Russia opposes any investigation into the WHO’s handling of the COVID-19 pandemic. The country also believes China did an excellent job of handling the outbreak in its early stages. That’s the message a key member of government sent on Monday.
The Speaker of the Russian Senate, Valentina Matviyenko, told Interfax,
“Today, there’s certainly no reason to perform a mock trial or any kinds of investigations [into the WHO] and destroy the useful things that have been accumulated for decades by mankind.”
The speaker went further, directly exonerating China for its role in the pandemic:
“China was the first to take the hit… Its competent and professional restrictive measures, a strict isolation regime and quarantine allowed it to manage, gain experience with coronavirus and gave other countries a respite of a month and a half.”
The speaker went on to say that not all countries took the threat as seriously as China. She also did not respond quickly enough, suggesting that each nation was fully responsible for its current crisis.
Russia Has No Interest?
Given the fact that Russia is grappling with surging case numbers and deaths, it may be surprising that the nation has no interest in pursuing a review of how the WHO handled the case, calling any such investigation a “mock trial”. One is left asking why Russia opposes any investigation of the WHO’s handling, and why China is so central to the issue.
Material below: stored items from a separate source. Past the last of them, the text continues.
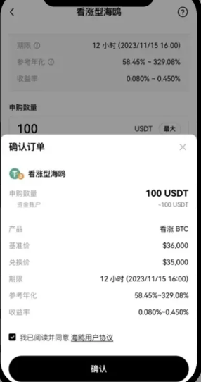 5. 查看订单详情并勾选 【海鸥用户协议】,点击 【确认】即可完成提交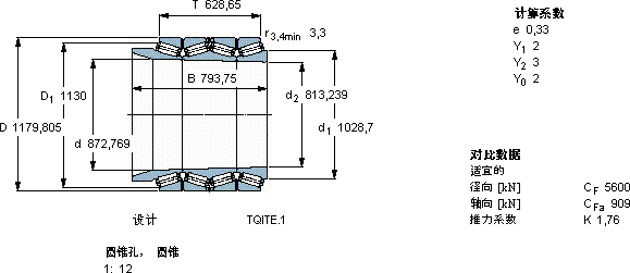 | 圆锥滚子轴承, 四列,TQI结构, TQITE.1, 圆锥型内孔 | |||||||||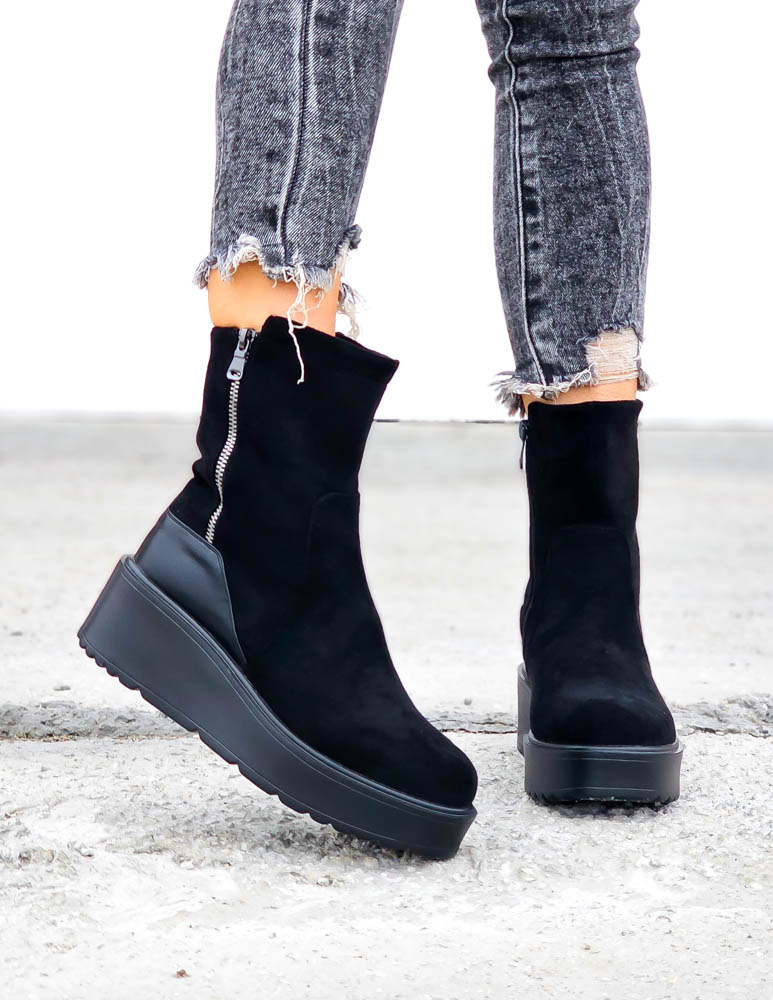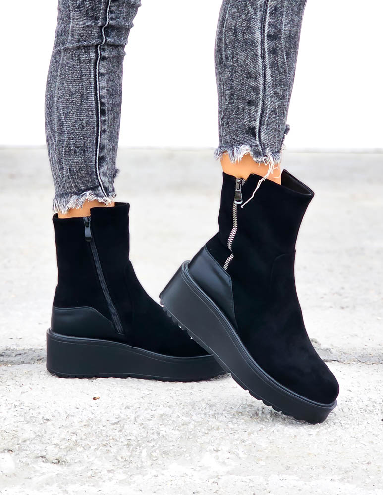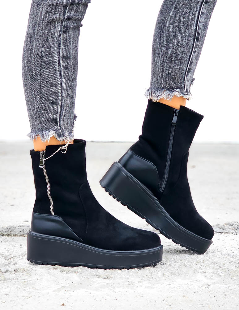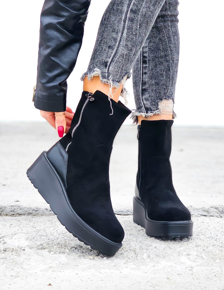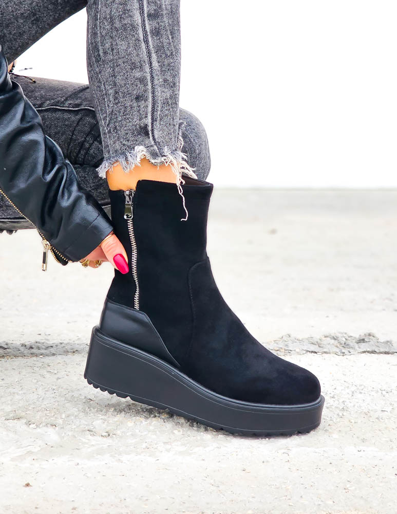 Krótkie Czarne Zamszowe Botki Na Koturnie Save

The answer lies in the two major parties in the global spat over the WHO: the United States and China. The speaker’s remarks are like opposing any investigation into Nicole Brown Simpson’s tragic murder, and then insisting that OJ is a great guy. The implication is that we shouldn’t even investigate her murder because OJ is the prime suspect.
By directly praising China’s response, the Russian government made two key implications: it sees an investigation of the WHO as incriminating China, and it wants to take China’s side. This has more to do with great power politics than any pursuit of truth.
New Triangular Diplomacy
— New Europe (@New_Europe) May 19, 2020
In the early 1970s, tensions between the United States and the USSR were rising ever higher. Communist China appeared to be a natural ally for the Soviets. This raises fears that a bloc of powerful communist countries would run the east.
As cracks began to show in the Sino-Russian relationship, President Richard Nixon decided to seize the moment and move closer to Beijing. Less than ten years after those initial moves, the US recognized the Chinese government. It successfully formed closer ties at Moscow’s expense. Nixon Administration’s management of the three-way relationship was called Triangular Diplomacy.
Today, we see a similar dynamic between the US, China, and Russia, only with the roles a bit different. In 2020, it appears that Russia and China see an opportunity to team up against Washington. Putin’s Russia has demonstrated a long-term objective to weaken America’s global status. Siding with the world’s second most powerful country makes, then, sense in the pursuit of this objective.
The Country’s Position
Russia is in an interesting position. Its status as the other superpower ended with the Soviet Union. Now, Russia essentially plays the spoiler, attempting to undermine US dominance wherever it can. China has usurped Russia’s role as the powerful American adversary, and also the strongest country in the eastern hemisphere.
Russia and China go back much farther than the US and either country. Millennia of history as neighbors have seen its fair share of wars, temporary alliances, and more wars. Even as two communist nations and sworn enemies of the US, they couldn’t find enough common ground to prevent a falling out.
The current detente between Russia and China is a marriage of convenience, a chance to stick it to Uncle Sam. Also, as Beijing grows more powerful, assertive, and adventurous, don’t expect Russia to become a friendlier neighbor.